··· Dataset content
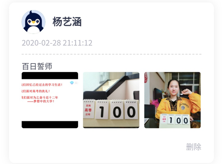 “光陰似箭,日月如梭,一晃眼,高中三年馬上就結束了,現在還有最后100天,我們就將面臨人生的第一道大關——高考!高中三年堅持為此,高中三年拼搏為此,最后的100天,努力復習,祝自己也祝大家,高考順利!”高三(16)班的陳國松在班級群里給大家送出了祝福。
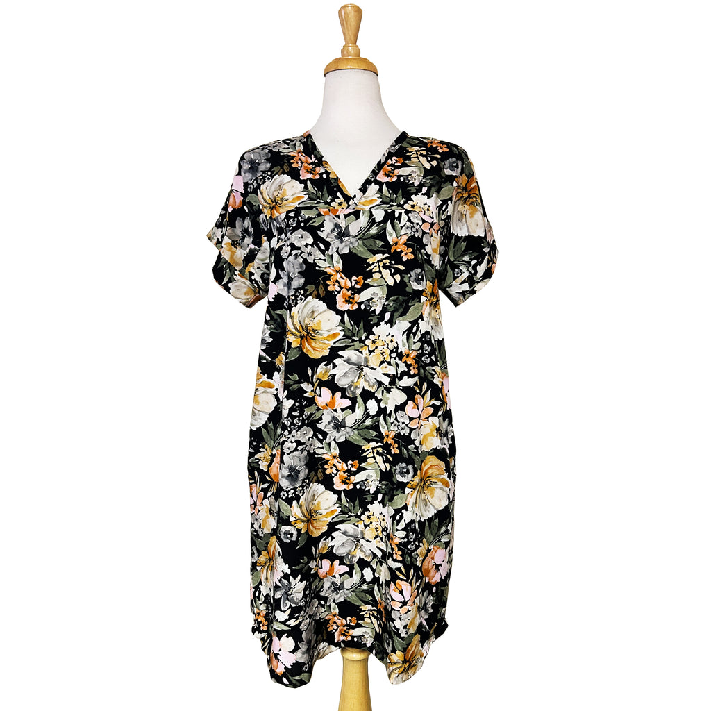 Get ready to turn heads with our Olivia Dress! This classic floral dress with a v-neck and short sleeves comes in a beautiful cream and butter print on a black background. The flattering cut hits just below the knee and can be worn belted or without. Make a statement with this versatile and stylish piece! I wear my belt as a neck tie!
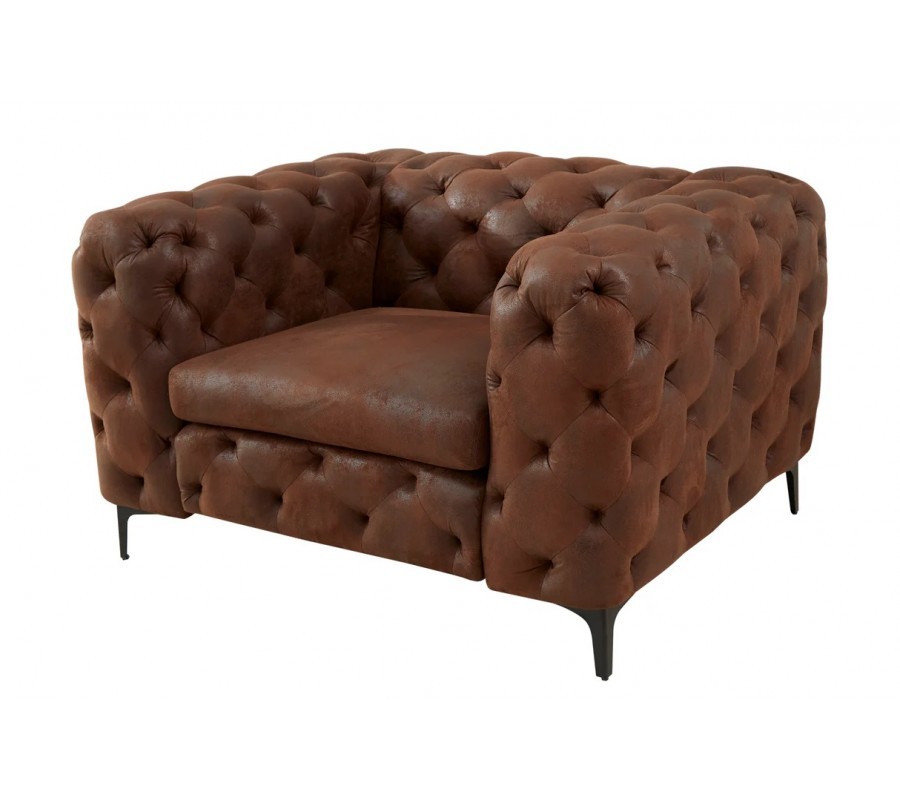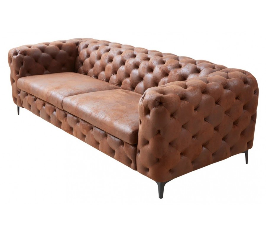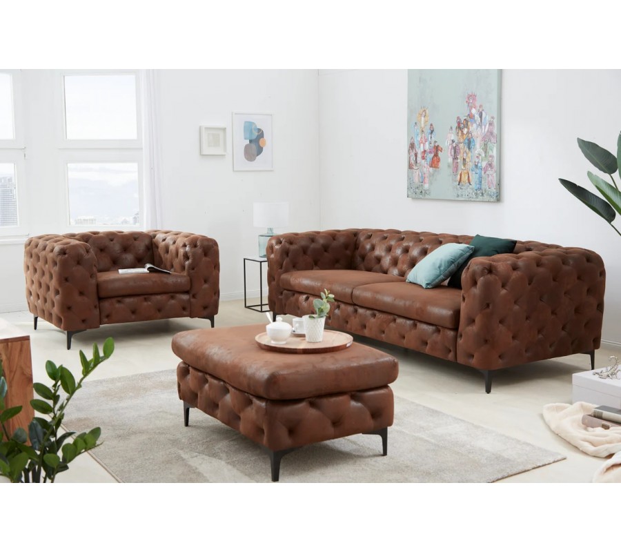 Nábytok je čalúnený a potiahnutý ekokožou v nádhernom teplom koňakovo hnedom odtieni. Materiál je príjemný na dotyk a zároveň nenáročný na údržbu. Jemná dizajnová patina výborne korešponduje s hlbokým bodovým prešívaním v chesterfield štýle, ktoré vytvára kosoštvorcový vzor a prináša do moderného dizajnu dotyk luxusu. Jednoduché kovové nožičky nábytok vizuálne odľahčujú a zároveň zabezpečujú výbornú stabilitu.
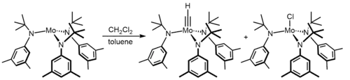 - ^ Zhang, Wei; Moore, Jeffrey (2004). "Highly Active Trialkoxymolybdenum(VI) Alkylidyne Catalysts Synthesized by a Reductive Recycle Strategy". J. Am. Chem. Soc. 126 (1): 329–335. doi:10.1021/ja0379868. PMID 14709099.
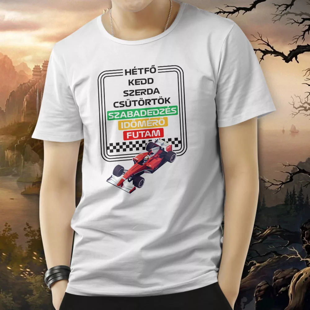 Ideális ajándék autórajongóknak, Forma–1 kedvelőknek, születésnapra, névnapra vagy bármilyen különleges alkalomra. A póló nemcsak egy ruhadarab, hanem egy életérzés kifejezése, amely megmutatja, hogy a hét napjai bizony a verseny körül forognak.
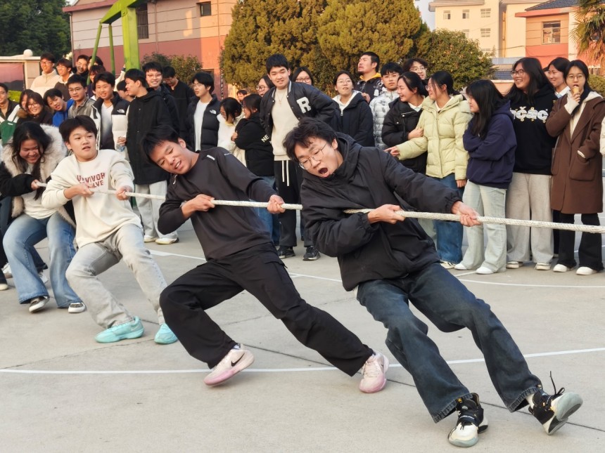 拔河友谊赛极大丰富了学生在校的文化生活,在增强了身体素质的同时,帮助学生放松了身心,释放了压力。本次活动既搭建了释放活力的舞台,更以协作拼搏为笔,书写着团队精神的动人篇章,让校园焕发着积极向上、和谐健康的蓬勃生机。
······
- Task objective -
The line containing "Nábytok je čalúnený" marks the end: retype every line from the first one in the listing up to and including it, without pictures.

- Response box -
 “光陰似箭,日月如梭,一晃眼,高中三年馬上就結束了,現在還有最后100天,我們就將面臨人生的第一道大關——高考!高中三年堅持為此,高中三年拼搏為此,最后的100天,努力復習,祝自己也祝大家,高考順利!”高三(16)班的陳國松在班級群里給大家送出了祝福。
 Get ready to turn heads with our Olivia Dress! This classic floral dress with a v-neck and short sleeves comes in a beautiful cream and butter print on a black background. The flattering cut hits just below the knee and can be worn belted or without. Make a statement with this versatile and stylish piece! I wear my belt as a neck tie!
 Nábytok je čalúnený a potiahnutý ekokožou v nádhernom teplom koňakovo hnedom odtieni. Materiál je príjemný na dotyk a zároveň nenáročný na údržbu. Jemná dizajnová patina výborne korešponduje s hlbokým bodovým prešívaním v chesterfield štýle, ktoré vytvára kosoštvorcový vzor a prináša do moderného dizajnu dotyk luxusu. Jednoduché kovové nožičky nábytok vizuálne odľahčujú a zároveň zabezpečujú výbornú stabilitu.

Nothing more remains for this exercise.